I’m being forced to move and figured I’d build one more frame before my workspace changes. I am very fortunate to have found a new place to live and the guy I work for is allowing me space at his shop to set up a workspace. This is frame number 8 for me, this is built for my housemate.
The top and down tube were gifted to me, and I had the rest of the parts except for a seat tube. This was the smoothest build I’ve done; I attribute that to having gone through the process enough times to have my order of operations more in order (*plenty of room for improvement). Building a frame is a series of steps and processes, so many in fact that trying to focus on perfecting every step on a single frame is too time intensive.
Advice to myself and new builders is to focus on steps that need the most improvement and/or the steps that are easiest to improve. Perhaps one from each category on each frame, that’s been my philosophy. The area that I have not let overly concern me in my process has been alignment. After reading various forums over the years, I never came across information that stated it’s hard to make a bike that won’t ride.
I can make a frame that’s reasonably straight when measured with my eyecrometer. I can align my droupouts so they are centered to the seat tube/head tube using a simple tool like the one used by Paul Brodie. All my bikes have functioned as intended and have visually looked straight. As I develop my skills and acquire more tooling, I will sneak up on an alignment system.
anyhow here are some pictures, definitely some gaps in capturing the process…
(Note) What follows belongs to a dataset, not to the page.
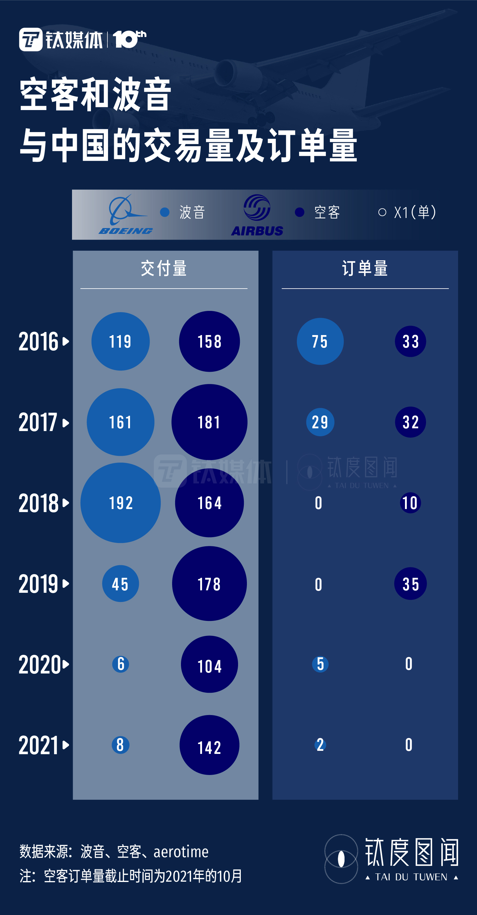 从6年间两家公司的交付量来看,空客向中国航空公司交付飞机的数量整体高于波音,在2018年,波音获得短暂的“胜利”后,交付量呈暴跌趋势;从订单量来看,中国对波音的订单在2016-2017两年间高于空客,此后2年间,订单数量暴跌至0。

CS after I’ve bent and brazed in the taper to my stays
Front triangle tacked
Adding CS
welded and brazed, ready for SS
Ive used my far miter fixture for SS but this time I decided to hand file the ST miter
Late request for rear rack mounts, I prefer using bottle bosses but this was easier at this stage
Over view/close ups
I’ll post up a picture once it’s built into a functioning bicycle. I’m excited to get into my new workspace and get started on the frame I’ll be riding for this year!